This is an exciting release of futile.matrix, which in some ways the package grows up and finds its purpose. It now includes a suite of functions for generating random matrices and can be used in conjunction with RMTstat. In short, futile.matrix has two purposes:
- Investigating the properties of random matrices
- Fitting distributions and finding the upper cutoff on the noise part of the eigenvalue spectrum
This post will focus on the first purpose, that of exploring random matrices. It is meant to be an overview of functions available in the package and not a rigorous treatment of the subject matter.
The package provides a number of types for describing random matrices. These types are strictly model parameters that are used to generate random matrices. Supported matrix classes include Wigner matrices, Wishart matrices, and Jacobian matrices.
A Wigner matrix is a symmetric matrix with random Gaussian entries. To generate a matrix of this class we can create a model and then call the matrix generator. Once we create a matrix we can plot a histogram of the eigenvalues, which conforms to the Wigner semicircle law.
model <- create(WignerModel, 1000) mat <- rmatrix(model) hist(eigenvalues(m), breaks=20)
Additional arguments can be passed into the model to specify, for example, whether the entries are real or complex. To visually verify that the entries look correct, use the peek function.

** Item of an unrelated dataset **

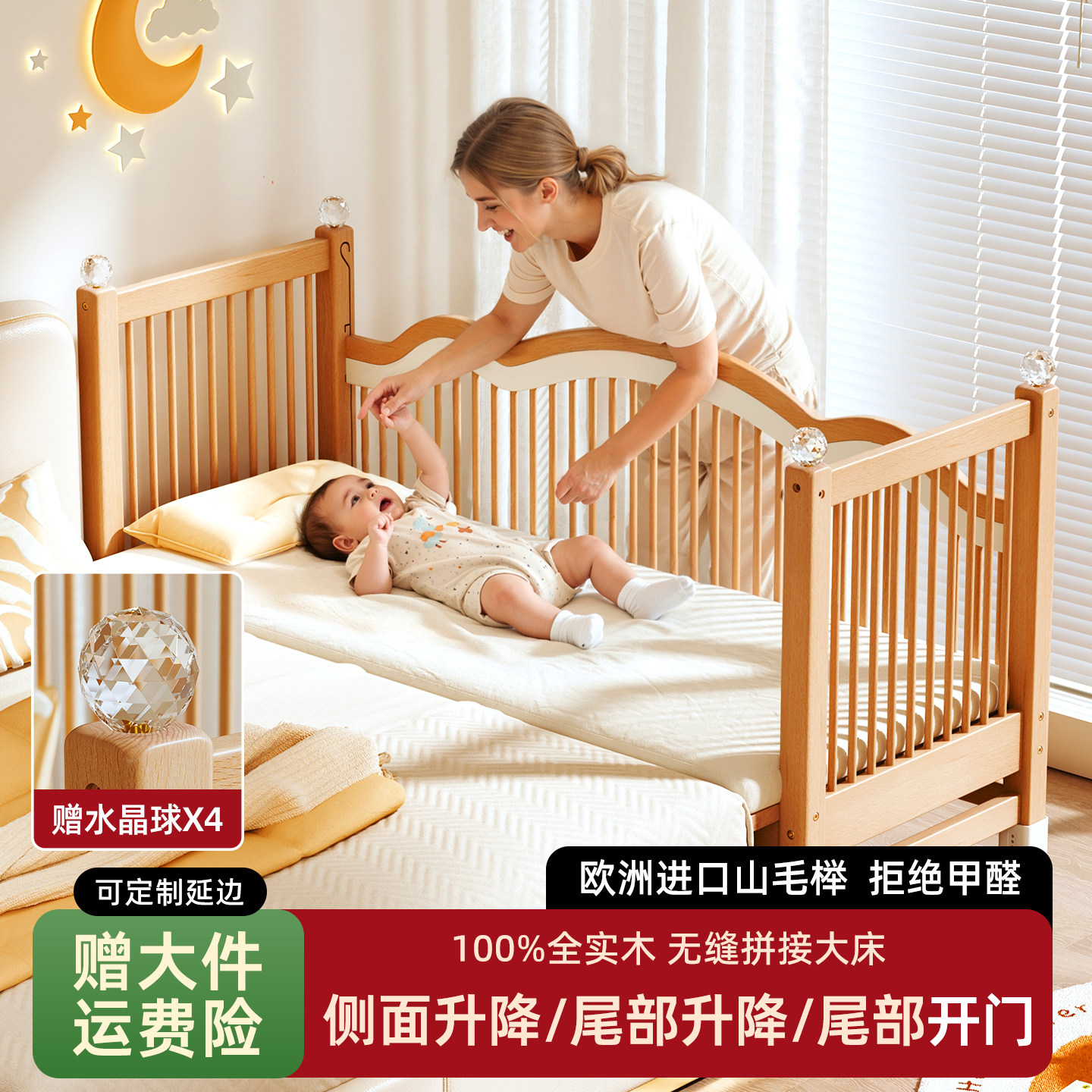 榉木升降拼接床实木宝宝小床拼接大床婴儿大人可睡儿童加宽床边床

> model <- create(WignerModel, 1000, real=FALSE) > m <- rmatrix(model) > peek(m) [,1] [,2] [1,] 0.024964162+0.000000000i 0.02515425-0.00411280i [2,] 0.025154249+0.004112805i -0.03926107+0.00000000i [3,] -0.001786425+0.002332125i -0.02215823-0.00532748i [4,] 0.003182095+0.012343427i -0.05085979-0.02496951i [5,] 0.022302859-0.006057670i -0.00372532-0.01257203i [,3] [,4] [,5] [1,] -0.001786425-0.002332125i 0.00318209-0.01234343i 0.02230286+0.00605767i [2,] -0.022158230+0.005327478i -0.05085979+0.02496951i -0.00372532+0.01257203i [3,] -0.041233230+0.000000000i -0.03274875-0.01665794i -0.01389319+0.00570893i [4,] -0.032748746+0.016657935i 0.01681741+0.00000000i -0.03047206+0.00500749i [5,] -0.013893195-0.005708930i -0.03047206-0.00500749i 0.01964392+0.00000000i
Note that when the matrix is generated, the function automatically asserts that the transpose is equal to the matrix itself via futile.paradigm.
rmatrix %must% (result == ct(result))
As expected, the histogram for this variant also conforms to the semi-circle law.

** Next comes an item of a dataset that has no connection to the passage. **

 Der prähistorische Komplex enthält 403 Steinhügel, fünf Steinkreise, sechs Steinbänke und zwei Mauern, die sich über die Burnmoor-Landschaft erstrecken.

In finance, a more useful matrix is a Wishart matrix, which is a sample covariance matrix. These matrices have an eigenvalue spectrum that is described by the Marcenko-Pastur distribution.

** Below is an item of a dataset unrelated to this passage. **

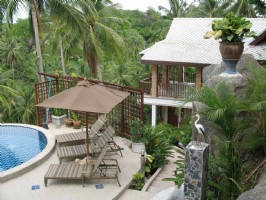 Villa Malee, located on a hilltop near the Royal Samui Golf and Country Club, has been uniquely designed to offer magnificent views of neighboring Chaweng, and the sea, and to take full advantage of the cooling sea breezes. From the rooms of this charming villa, and the upper terrace, the views offer a gorgeous panorama of the ever changing colors of the Gulf of Thailand, Koh Phangan, and the entire Northeastern section of Koh Samui. Sit on the terrace, or by the pool, and enjoy watching the planes taking off and landing at the distant Samui Airport.

As an example, we’ll create a random Wishart matrix that is similar to two years of daily data on the S&P 500. We plot the actual distribution of eigenvalues alongside the theoretical distribution (generated from the RMTstat package).
model <- create(WishartModel, 500, 500) mat <- rmatrix(model) x <- seq(0,4, by=0.1) par(mfrow=c(1,2)) hist(eigenvalues(m), breaks=20) plot(x, dmp(x, svr=1), main="Theoretical distribution")
Fitting the spectrum to a theoretical curve enables you to isolate the noise part of the spectrum. Once this is established, it’s possible to clean the source correlation matrix and remove the estimation error.
Additional properties of random matrices can be discerned by analyzing ensembles of said matrices. We can generate the ensemble based on an existing model along with a count. Since an ensemble contains many random matrices, there is no practical way of displaying its contents. Hence, only some basic information is printed to reduce screen clutter.> model <- create(WishartModel, 100, 400) > e <- create(Ensemble, 200, model) > hist(max_eigen(e), freq=FALSE, breaks=20)
This post covered the basic functions of futile.matrix and how one can analyze random matrices and their ensembles using the package. In a subsequent post, we’ll cover using the package to fit distributions and identifying the cutoff point for the noise portion of the eigenvalue spectrum.